Entre lo público y lo privado


¿Qué es lo que las mujeres guardan celosamente en sus bolsas de mano -que la mayoría más bien parecen maletas-? ¿Por qué algunas evitan en lo posible ponerlas en el suelo?





No hay mujer que no porte el preciado bolso. Los hay de diferentes tamaños, formas, colores, marcas, pero, ¿qué esconden? A la mayoría de las féminas no les gusta que sean revisados, no tanto por si es de mal gusto hacerlo, sino porque invaden su privacidad y temen ser descubiertas, será que… ¿lo que hay dentro refleja su verdadera personalidad? Mucho dicen los artículos que viven al interior de un pequeño o gran bolso.




Las mujeres no son las únicas que cargan con este accesorio, los hombres también lo hacen, y no es exclusivo de una edad en particular, puede ser en otra presentación, portafolios, mochilas, morrales, pero también llevan consigo esta prenda que les permite tener mayor comodidad al facilitar el transporte de los artículos personales de un lado a otro.

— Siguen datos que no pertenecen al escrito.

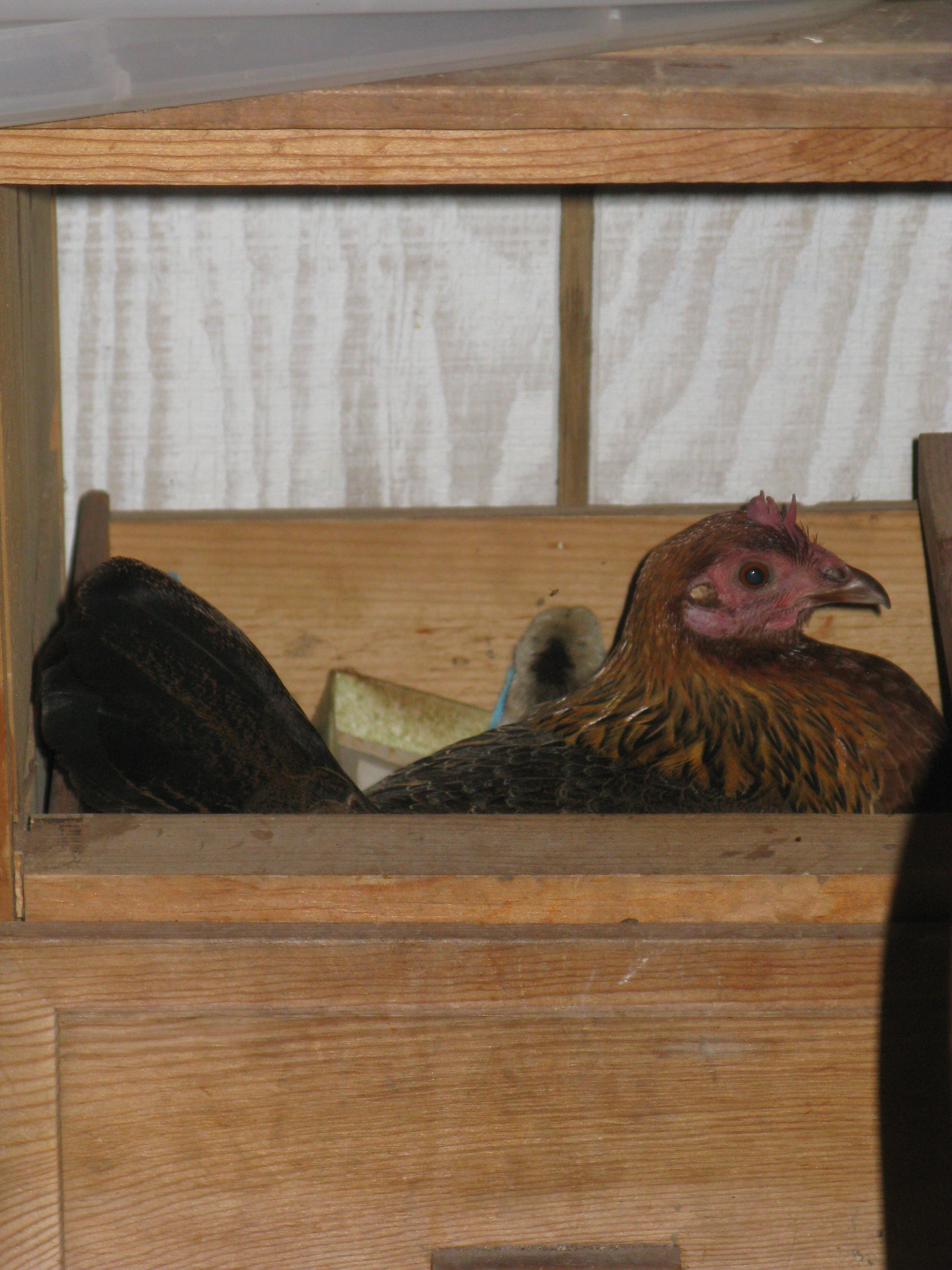 #1 ◱ Henrietta's chicks are hatching! At 8:45am we noticed two. One is in the desk (as is Henrietta) and one is out.
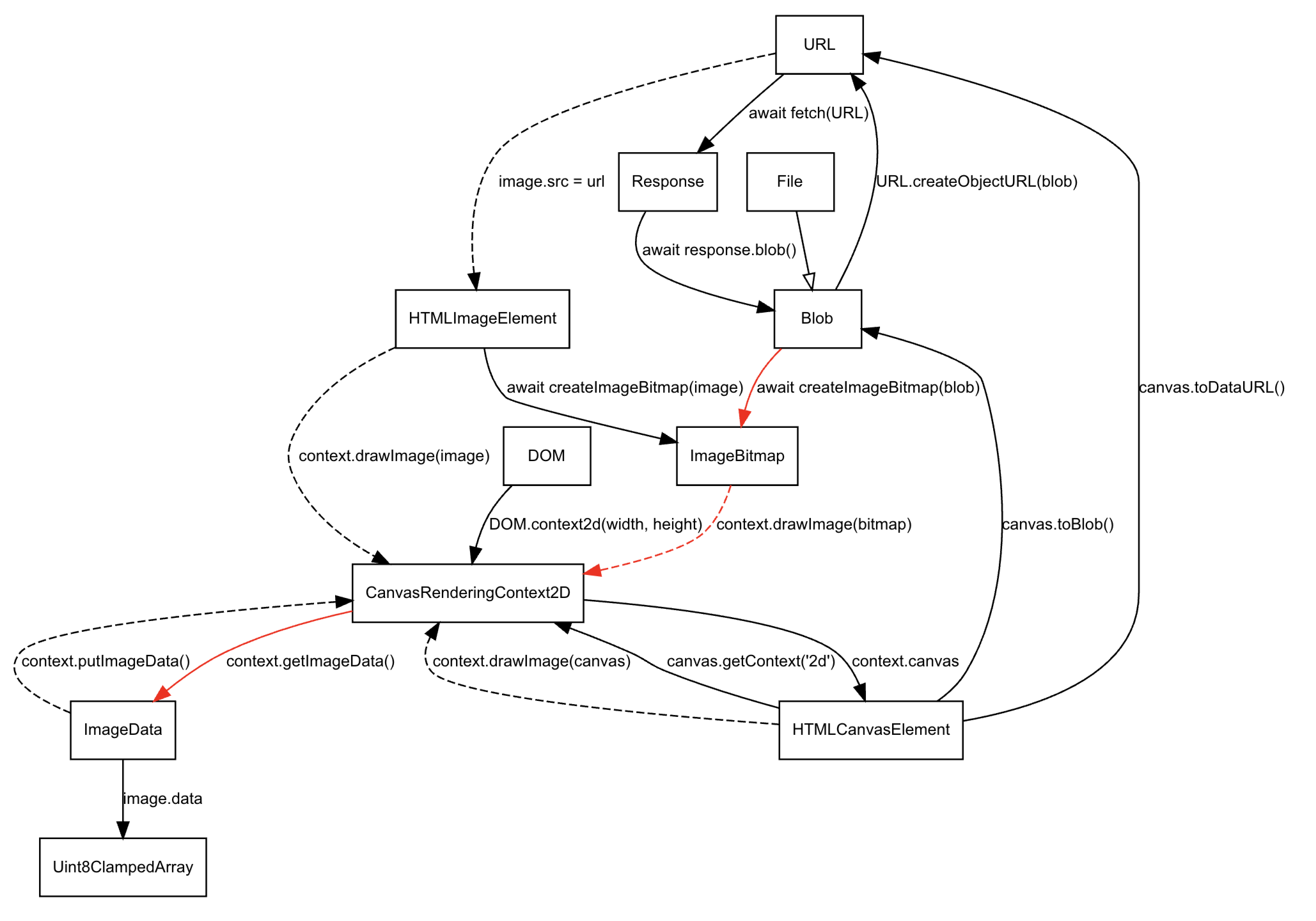 드디어 이미지의 그래프에 있는대로 URL.createObjectURL를 이용하여 데이터 url만들 수 있다. (위의 그래프가 정말 다양한 데이터 타입에 대해 이해를 할 수 있지만, 아마 저 그래프는 한 개의 메서드로 바로 변환할 수 있는 경우만 적어놓은 것 같다)
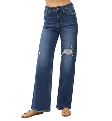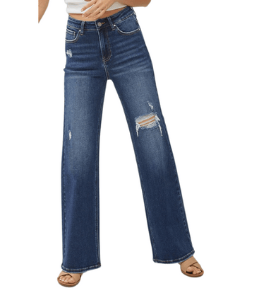 Our High Rise Distressed Detail Wide Leg Jeans combine bold style with all-day comfort. Featuring a 10 1/2" rise and a flattering wide-leg silhouet...
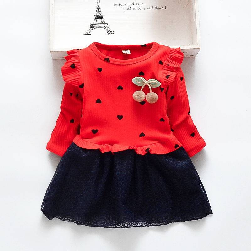 Весенне-осеннее платье с длинными рукавами для девочек, новая корейская детская сетчатая юбка принцессы, детская одежда 2-3 Years красный
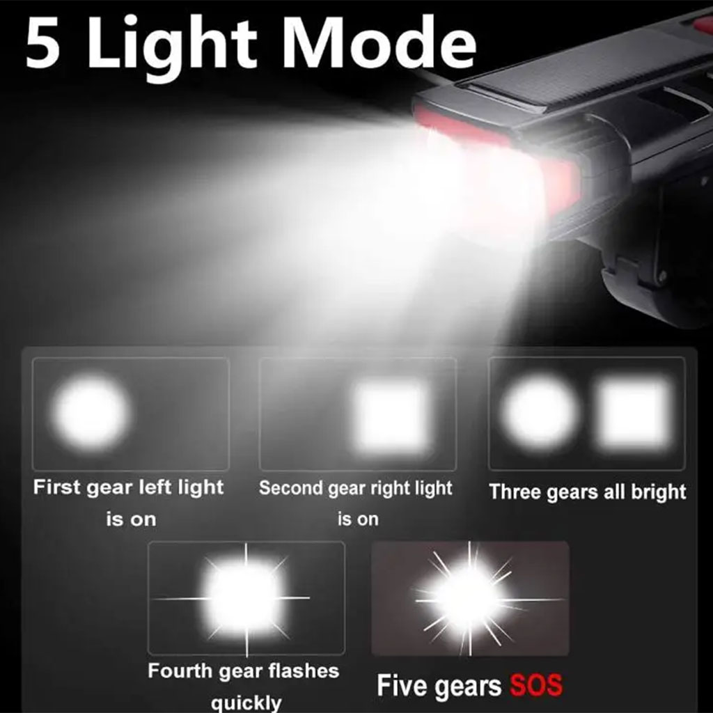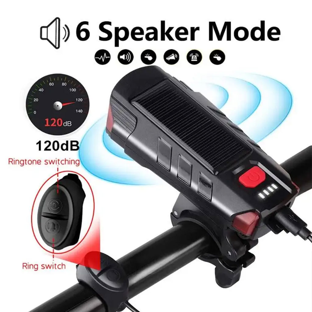Lampe d’éclairage solaire pour vélo et trottinette avec sonnette et alarme – مصباح دراجات يعمل بالطاقة الشمسية
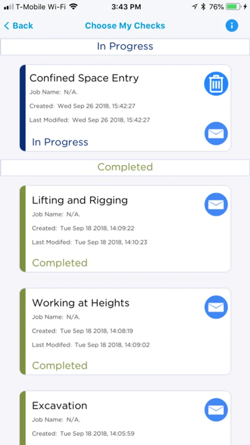 •In-Progress Start-Work Checks that can be re-opened and continued, deleted, or emailed
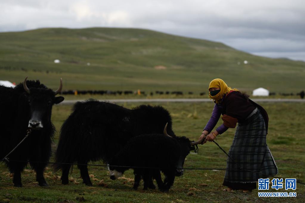 8月3日,在瑪沁縣當(dāng)洛鄉(xiāng)貢龍村的夏季草場(chǎng)上,牧民在拴牦牛。
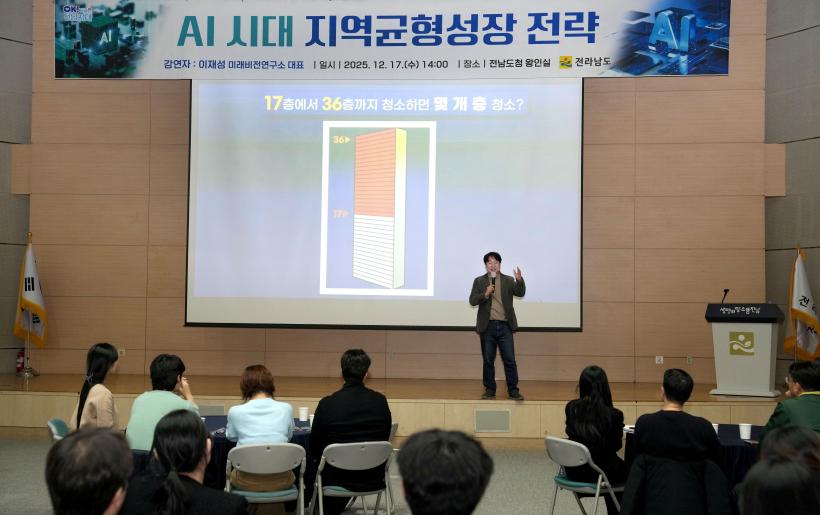 À̳¯ °¿¬¿¡´Â Àü³²µµ¿Í ½Ã±º °ø¹«¿ø, ÃâÀÚ¡¤Ã⿬±â°ü, »ê¾÷ °ü°èÀÚ µî 300¿© ¸íÀÌ Âü¼®ÇØ AI ±â¹Ý »ê¾÷Àüȯ È帧°ú Áö¿ª ¹ßÀü Àü·« ¹æÇâÀ» °øÀ¯Çß´Ù.
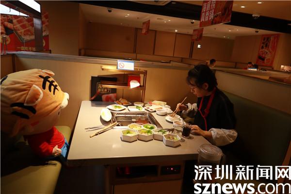 冬季是火鍋消費(fèi)的旺季,在用餐高峰期,位于深圳市羅湖區(qū)這家連鎖火鍋店里,可見門口顯眼處貼著“半份菜 滿份愛”的海報(bào),店內(nèi)還有光盤行動等標(biāo)語,還有一名光盤行動倡導(dǎo)員在餐廳內(nèi)不時(shí)給消費(fèi)者溫馨提示,倡導(dǎo)顧客適量點(diǎn)餐。
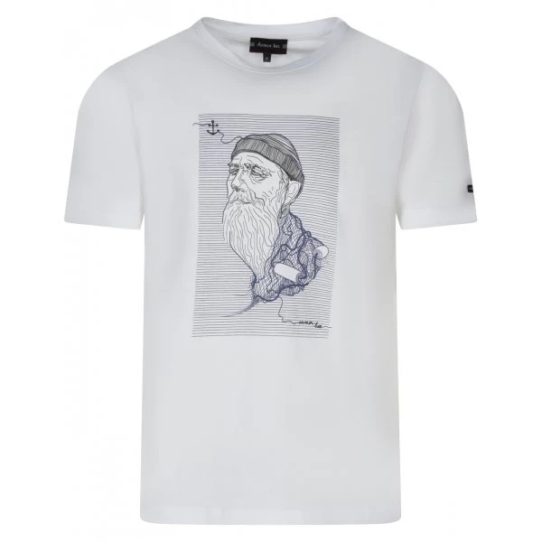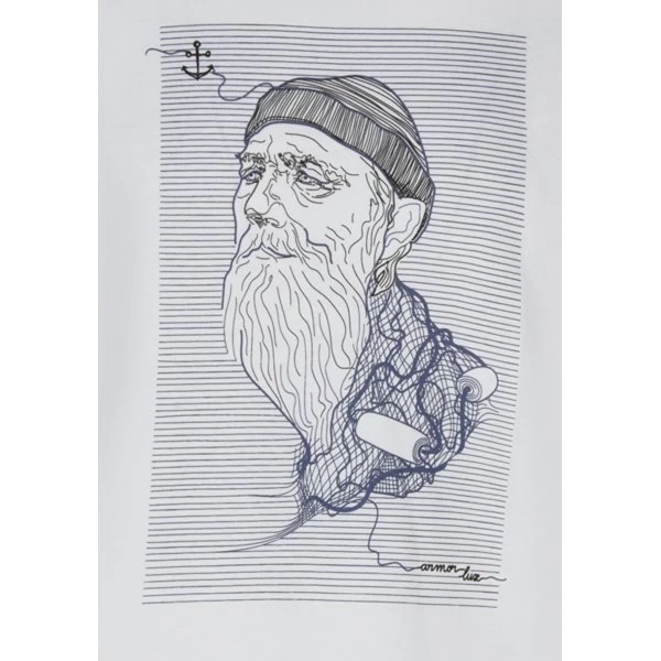 – Marin floqué en noir et bleu sur fond à rayures marine au milieu poitrine
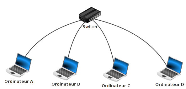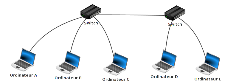 Dans l'exemple du schéma ci-dessus, les ordinateurs A, B, C, D et E sont en réseau. A, B et C sont reliés à un switch, D et E sont reliés à un autre switch. Les 2 switchs étant reliés ensemble.
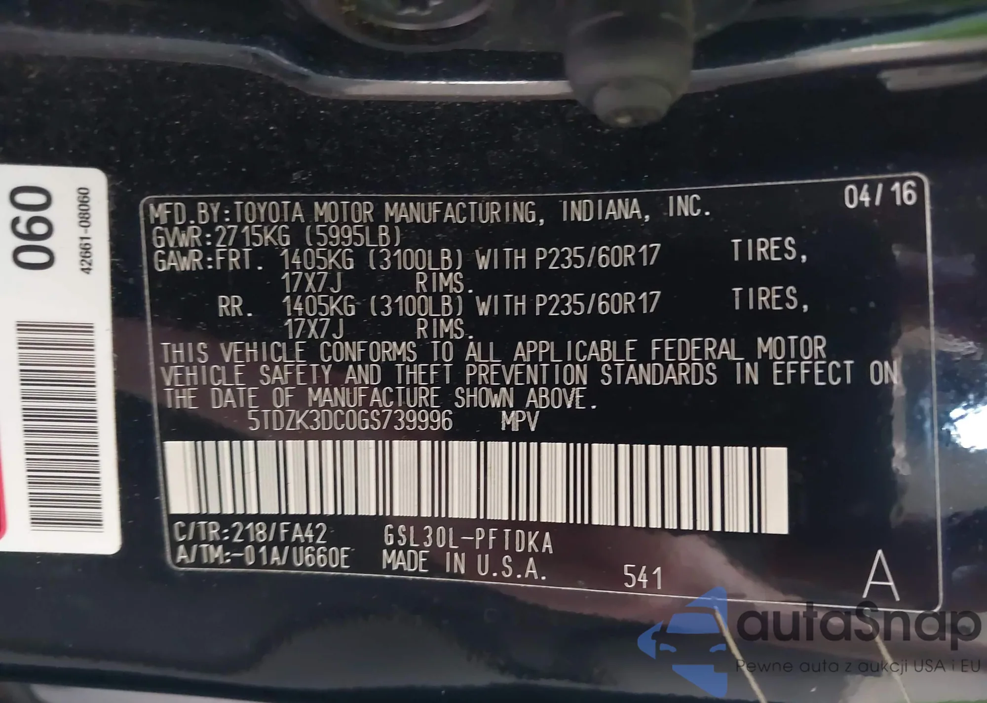 LOT: 42365290 VIN: 4T3BE11A09U005313
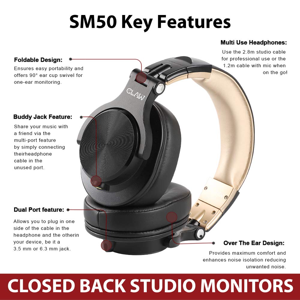 CLAW SM50 Professional Studio Monitoring DJ Headphone Information
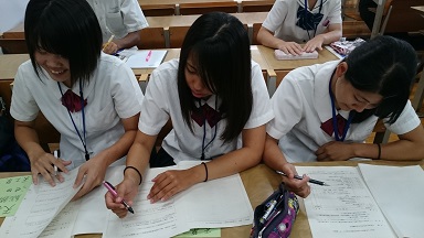 牛深高校にて、天草地区の高校の生徒会が集まる生徒会リーダー研修会に本校生徒会の情報技術科二年の池田楓さん、田口星羅さん、吉田萌也さんの3名で参加してきました。目的は、他校生徒会執行部との親睦を深め、活動状況等の情報交換を通して、各校の生徒会活動の改善に資することです。
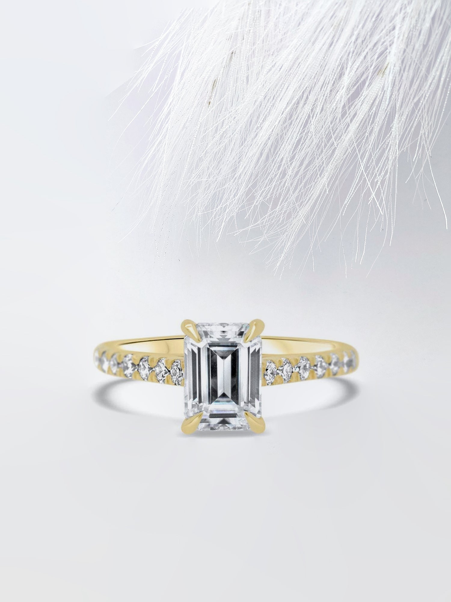 ✥ Introducing our enchanting 3.0CT Emerald Cut Pave Moissanite Diamond Engagement Ring. elegantly set in radiant yellow gold to symbolize your eternal bond. This stunning ring features a dazzling emerald-cut center stone adorned with a pave setting of shimmering moissanite diamonds. creating a mesmerizing display of sophistication and allure. Meticulously crafted to perfection. its timeless design embodies the depth of your commitment and the beauty of your love. Let the warmth of yellow gold accentuate the brilliance of this ring. promising a lifetime of cherished moments and enduring devotion. Illuminate your journey together with the captivating beauty of this stunning piece. marking the beginning of your forever.
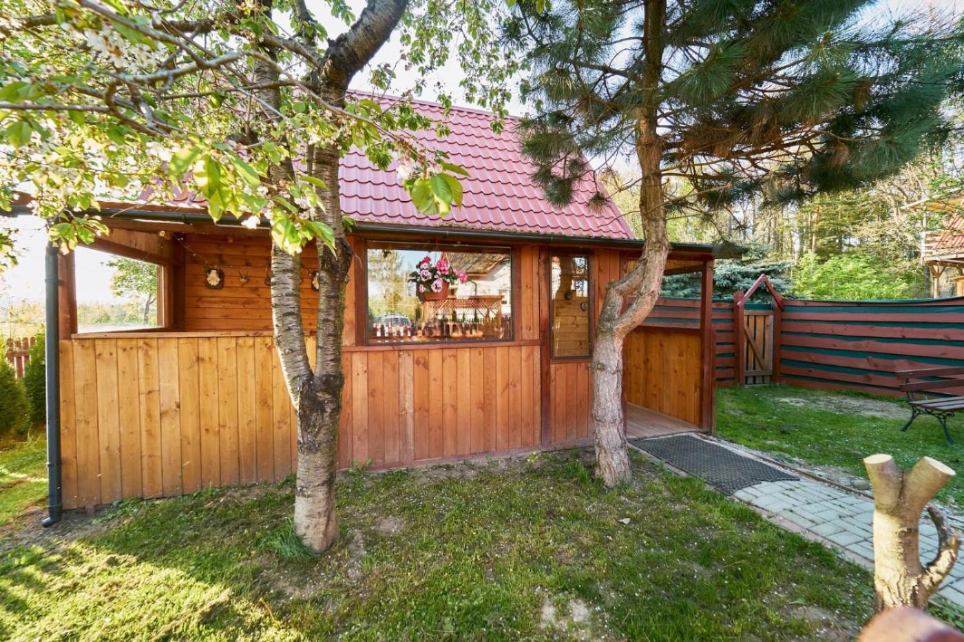Domek z 1 sypialnią. The chalet offers heating, as well as a shared bathroom boasting a shower. Guests will find a stovetop, a refrigerator, kitchenware and an electric kettle in the kitchenette. The chalet also comes with a barbecue. The chalet features a TV, a wardrobe, a sofa, parquet floors as well as garden views. The unit has 3 beds. Domek - 4 osobowy. Powierzchnia pokoju ok.: 40 mkw.
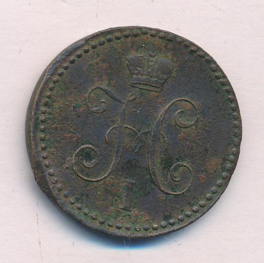 Лицевая сторона — вензель Николая I в бусовом ободке, оборотная — надпись «1 КОПЕЙКА СЕРЕБРОМ» и дата. Нормативный вес — 10,24 грамма, гурт гладкий.
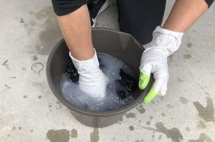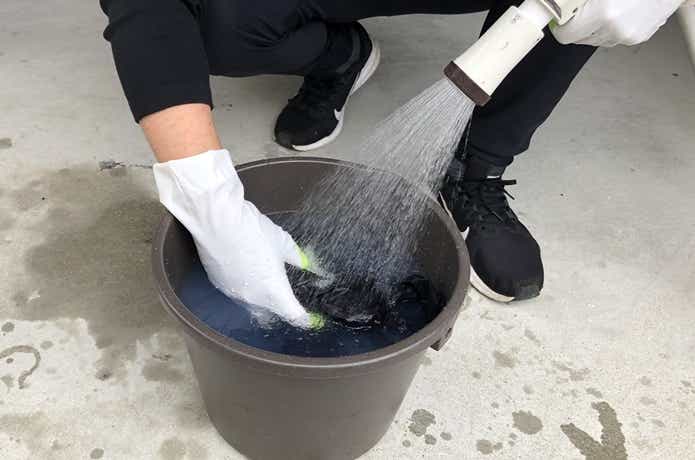 ②液剤が全体に行き渡るようウェアをバケツ内で回します。
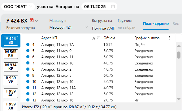 Чтобы изменить участок план-задания, в редакторе план-заданий выберите дату, перевозчика и ТС. Нажмите троеточие и выберите «Изменить участок план-задания». Откроется список доступных участков. После выбора участка план-задание обновится на новый участок, ТС останется прежним.
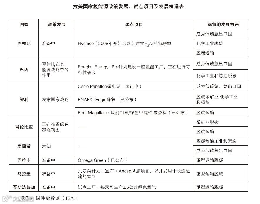在氢能领域,拉美各国的发展情况和未来规划处于不同阶段。阿根廷、巴西、智利和哥伦比亚均发布了氢工业战略,希望在未来几年成为低碳氢出口国。墨西哥、巴拉圭和乌拉圭寻求使用氢能来使工业和交通脱碳,但尚未制定发展该行业的政治战略。除了公共部门以外,私营部门也参与其中,例如阿根廷的H2Ar财团和智利的H2Chile。
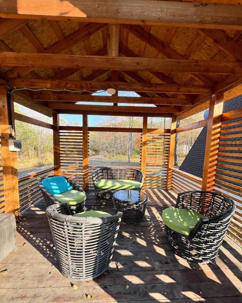 В каждом домике есть туалет. Возле домиков имеется место для отдыха. Постельное белье и постельные принадлежности предоставляются в каждом домике.
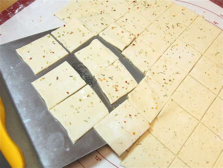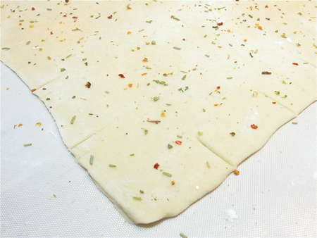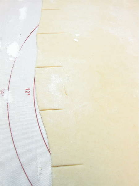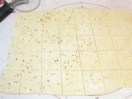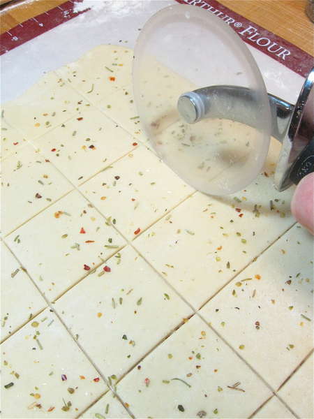 Notch the edges of the dough at 2” intervals; this will help you cut nice, straight 2” crackers.

Habrá quienes ansían curiosear en los bolsos ajenos y no nos referimos a los que con maldad se dedican a hurtar las cosas de los demás, sino sólo por el hecho de saber qué hay, pero otros quizás prefieran no investigar y así evitar una sorpresa, ya saben por aquello que dicta la frase “el que busca encuentra”.




Algunas personas son bastante cuidadosas y ordenadas hasta con las cosas que llevan dentro, una mochila de un estudiante podría contener muy bien acomodados los libros y cuadernos, por tamaños, otros sólo echan todo como caiga, después se convierte en un hoyo negro o en el Triángulo de las Bermudas y no encuentran nada.





Por lo regular las que son madres, no nos dejarán mentir, suelen ser más prevenidas algunas al grado de la exageración, llevan la farmacia, medicamento básico para el malestar estomacal, el dolor de cabeza y muscular; la dulcería por si se ofrece, nunca está de más un caramelo, chicle o un chocolatito; el salón de belleza, un peine o cepillo, pasadores, espejo, por supuesto, los inseparables cosméticos; la sastrería, pequeñas tijeras portátiles que incluso se doblan, un par de hilos y una aguja, nunca se sabe cuando un botón nos va a hacer una mala jugada. Una botella de agua, una libreta y una pluma, a veces el paraguas, además de las llaves de la casa o el automóvil, la cartera -otro artículo que también guarda secretos-, y un sinfín de objetos que consideran podrían ser de gran utilidad en cualquier momento.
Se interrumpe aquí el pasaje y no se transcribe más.